提督「俺が駐屯地の司令になりたての頃の話になるな。当時まだ武器娘の量産が充分じゃなくてね。マグマ軍の兵器を鹵獲、運用するっていう作戦が本部から送られて来たんだ」
大淀「随分無茶な作戦ですね…」
提督「俺もそう思ったさ、しかも上はご丁寧に鹵獲用の鎖を送ってきてな。半ばやけくそになりながら仲間達と鹵獲作戦を決行したんだ」
アルマータ「それで捕まったのが私ってわけ」
暁「よく司令官に味方しようって思ったわね」
響「確かに。敵側に運用されるなんて屈辱だった筈」
アルマータ「えぇ。最初は抵抗したり運用されるふりをして後ろから撃とうとすらしたわ。でも閣下と接している内に…」
響「惹かれた?」
アルマータ「そうなるわね」
提督「その後も色んなヤツを鹵獲しては仲間にして、今じゃ他の武器娘達より多くなってな」
アルマータ「閣下の人柄のせいか、他の連中も閣下になついて…」
暁「そのうち深海悽艦とも仲良くなったりして!」
提督「あはは!そうだと良いんだけどなぁ!」
その後も5人で楽しく食事を過ごし、暁達と別れアルマータと再び工房へ向かった。
アルマータ「何故、また工房へ?」
提督「戦闘に出られる艦娘が二人と考えるとやはりどうしても不安でさ。
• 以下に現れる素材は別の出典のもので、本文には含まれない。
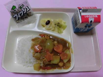 ★チキンカレーライス・ビーンズサラダ・ミニフィッシュ・牛乳
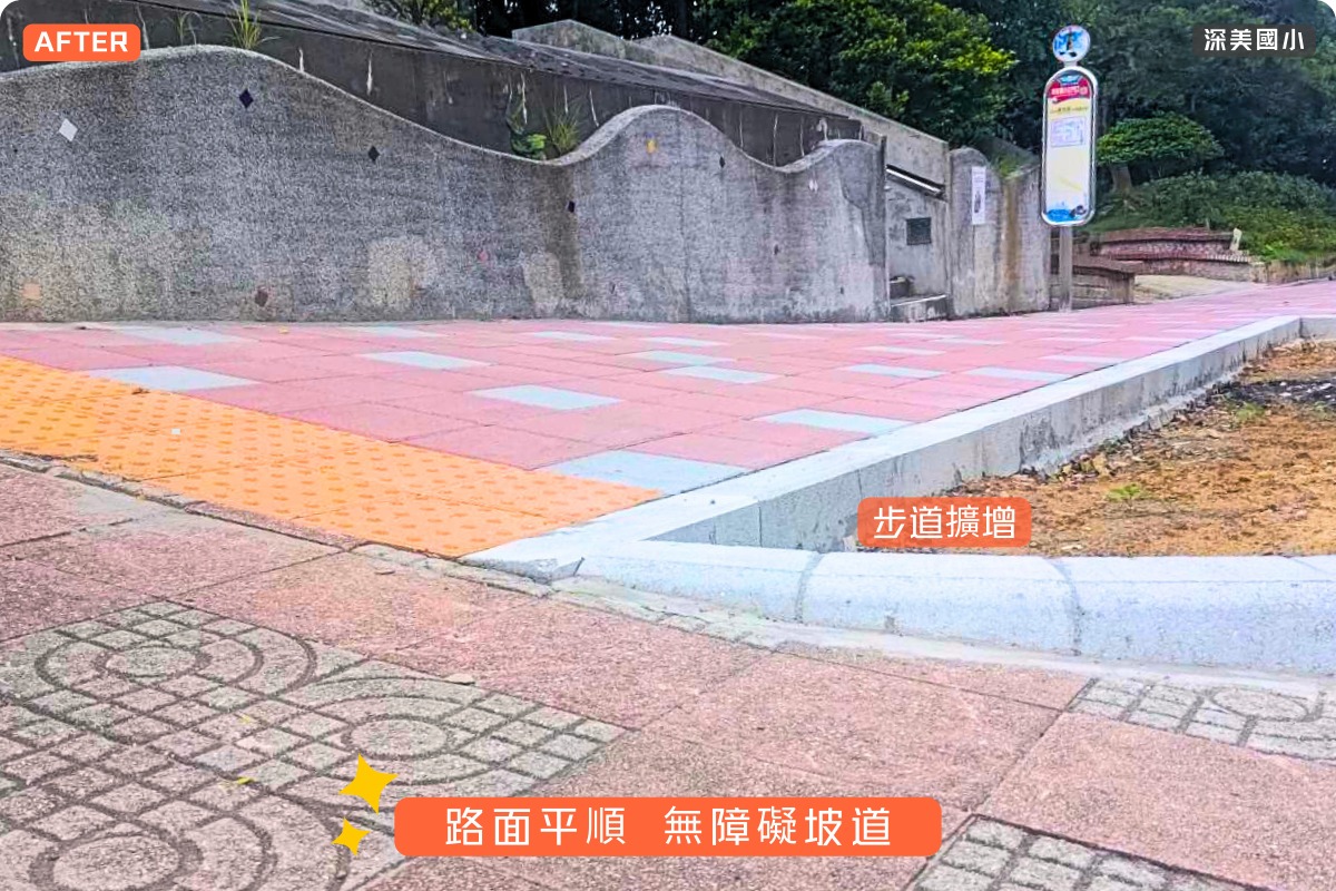 ▲深美國小步道寬敞、平整,無障礙設施也一應俱全,讓整體通學環境更加完善(圖/基隆市政府教育處)
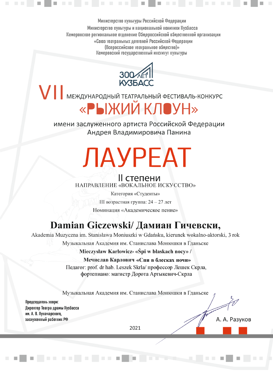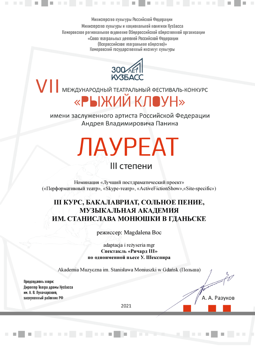 Na VII Międzynarodowym Teatralnym Festiwalu-Konkursie „Rudy Klaun” 2021 im. zasłużonego artysty Federacji Rosyjskiej Andrieja W. Panina (online) w Kemerowie/Rosja (22.02-22.03.2021):
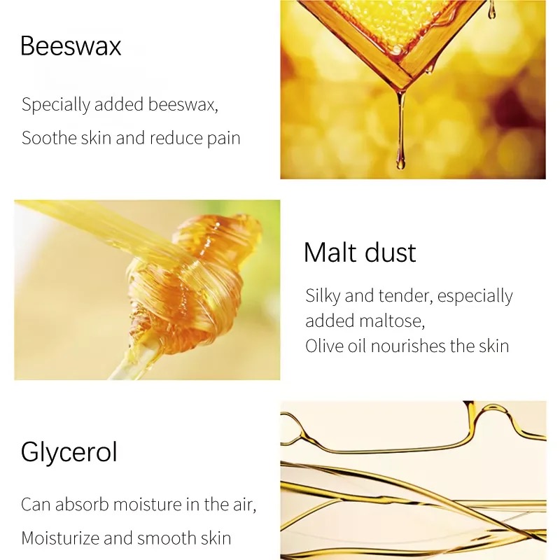 Notice: 1) When using it for the first time, avoid applying it on a large area. It is necessary to test the skin on a small area first to see if it may cause allergies. If available, please suspend use. 2) Non professionals, do not apply large areas at once. For the first use, small areas of hair removal can be applied locally. 3) This product can be used for body hair removal such as legs, hands, back, etc. It is not recommended for large head areas. 4) Sugar wax is a water-soluble product that can be directly cleaned with clean water to remove residues. How To Use: 1) Using professional techniques to pick wax. 2)Apply directly and evenly to the area that needs hair removal. 3) Quickly tear off against the direction of hair growth.
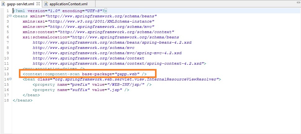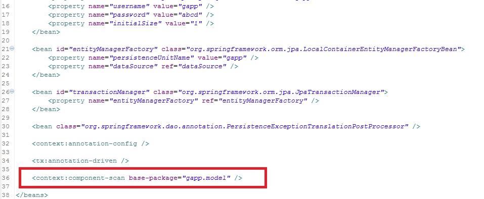 Assuming everything else is correct, it may be because you have two <component-scan> (one in gapp-servlet.xml and one in applicationContext.xml) that scan overlapping packages. Move your model package out of gapp.web to gapp.model. The <component-scan> in gapp-servlet.xml should scan gapp.web and the one in applicationContext.xml should scan gapp.model. |
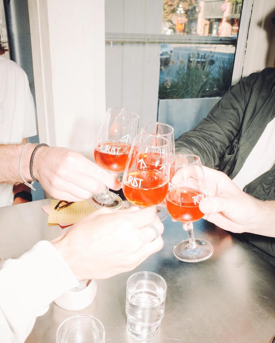 Tourist is a (natural) wine bar located in Victoria, Canada, founded in July 2023 by Guy Ferguson and Sean Partlow. The bar offers a large wine list from all over the world, with sharable plates inspired by the places they’ve travelled together. Their branding was designed by Sam Jayne using James including the set of arrows of the same font.
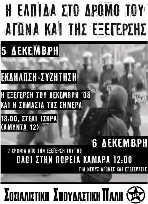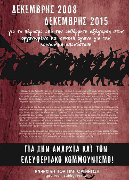 Η εξέγερση του Δεκέμβρη του 2008 καταδεικνύει πως ο κοινωνικός ξεσηκωμός είναι εφικτός, πως η κοινωνική και ταξική αντεπίθεση - σε αντίθεση με την ενσωμάτωση, την παραίτηση και την εξατομίκευση- είναι η μόνη ρεαλιστική προοπτική νίκης των εκμεταλλευόμενων και των καταπιεσμένων. Η εξέγερση του Δεκέμβρη είναι σήμερα ζωντανή ως κοινωνικό πρόταγμα, όχι για την επανάληψή της, αλλά για την υπέρβασή της από τους ίδιους τους αγωνιζόμενους στην προοπτική της κοινωνικής επανάστασης.
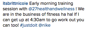 Britt Nicole has been dedicated to getting into shape for her upcoming “This is Not a Test” tour with Toby Mac, Colton Dixon, and HollyN. She has been working out by herself and also getting into shape with the help of her trainer James Free, Jr. Today she had a 4:30 a.m. training session! Although it may look easy, going on tour is actually extremely grueling… especially when you are singing AND dancing! Being in shape is important so that performers can have the right amount of stamina. To Britt we say, “You go, girl!” 🙂
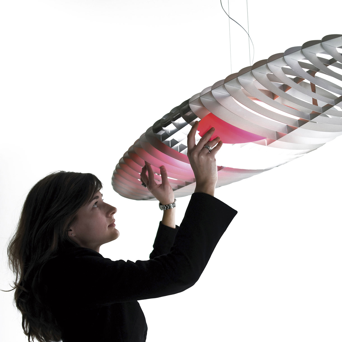 Hierbei ergeben die Aluminiumlamellen, aus denen der organisch geschwungene Leuchtenkörper besteht, ein wechselndes visuelles Erscheinungsbild – je nachdem, von welchem Winkel aus man die Queen Titania Sospensione betrachtet: Nahezu transparent erscheint die Hängeleuchte von der Front aus gesehen, als solider Körper hingegen, wird sie von der Seite betrachtet.
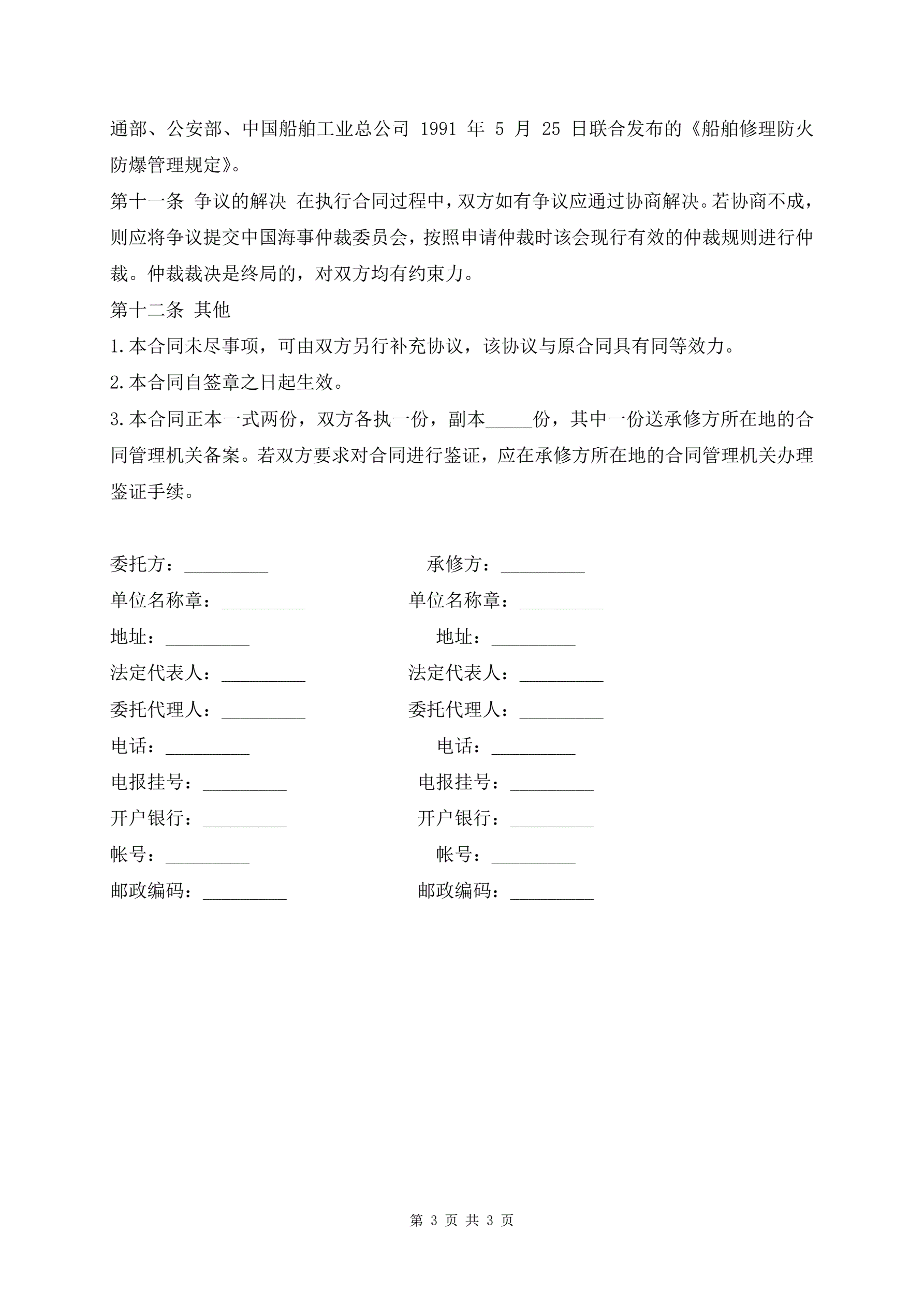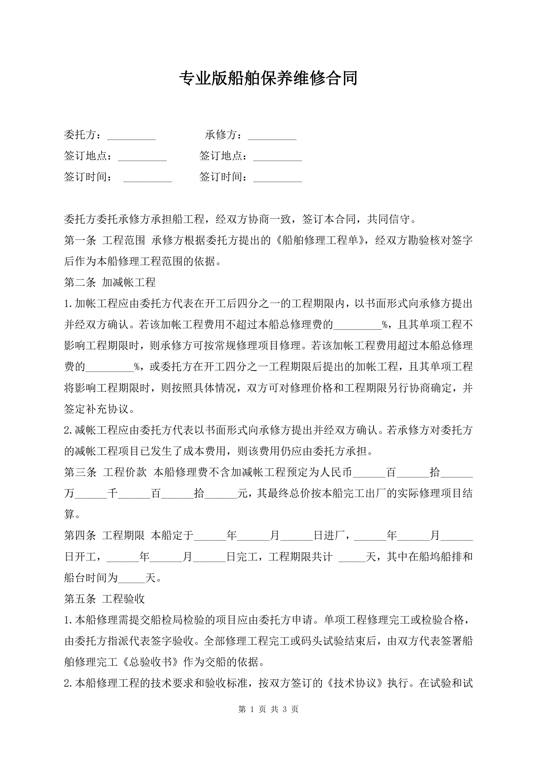 专业版船舶保养维修合同
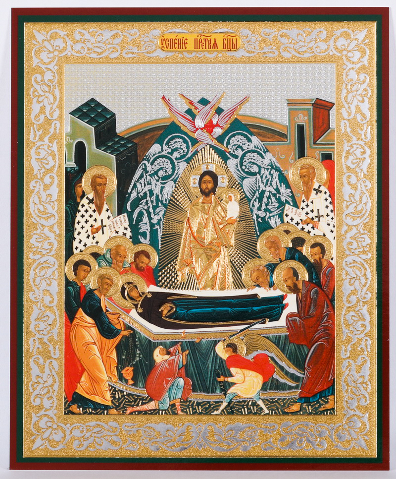 Икона на оргалите №1 11х13 двойное тиснение Успение Богородицы

実験も兼ねて建造しようかなって」
建造機の前に立ち、備え付けられているタブレットに必要資材量を入力していく。
提督「これで良しっと……どうやら夕食頃に出来そうだな。それまでは書類仕事としよう」
アルマータ「はい、閣下」
その後執務室へ戻り、夕方まで執務をこなしていった。
そして夕食時間の少し前、執務室の扉がノックされる。
提督「どうぞ」
「おう、入るぜ」
扉が開く。そこには眼帯をし、刀をもった少女が。
天龍「オレの名は天龍。天龍型軽巡洋艦の一番艦だ」
提督「おぉ、軽巡洋艦か。提督だ、よろしく頼む」
アルマータ「アルマータと言います」
お互いに挨拶を済ますと天龍が怪訝な表情をする。
天龍「アルマータ?そんな艦いたか?」
提督「彼女は元々マグマ軍だ」
天龍「マグマ軍ってあの深海悽艦みてーなヤツじゃねえかっ!?」
刀に手を掛け、警戒する天龍。
アルマータは少し呆れ気味だがこれはマズイ……説明しなくては。
アルマータ「はぁ…一緒にしないで欲しいわ」
提督「とりあえず彼女は敵じゃないから刀を下ろしてくれ!これから一緒にやっていく仲間だ」
アルマータに敵意を向ける天龍に説明し、天龍も納得したのか渋々剣を納めた。
提督「やれやれ…そういえばこのあと夕食なんだ。他の皆への紹介も兼ねて一緒に行かないか?」
天龍「そうだな。じゃ、案内頼むぜ!」
3人は食堂へ向かい暁達に紹介し、夕食を済ませた後、明日の予定を確認。
その後解散し、執務室へ戻った。
提督「明日から忙しくなるな」
アルマータ「そうですね。でも、私達には閣下がいますから」
提督「はは、期待に応えられるよう頑張るよ」
そして夜が更け、自分とアルマータの着任初日は終わった。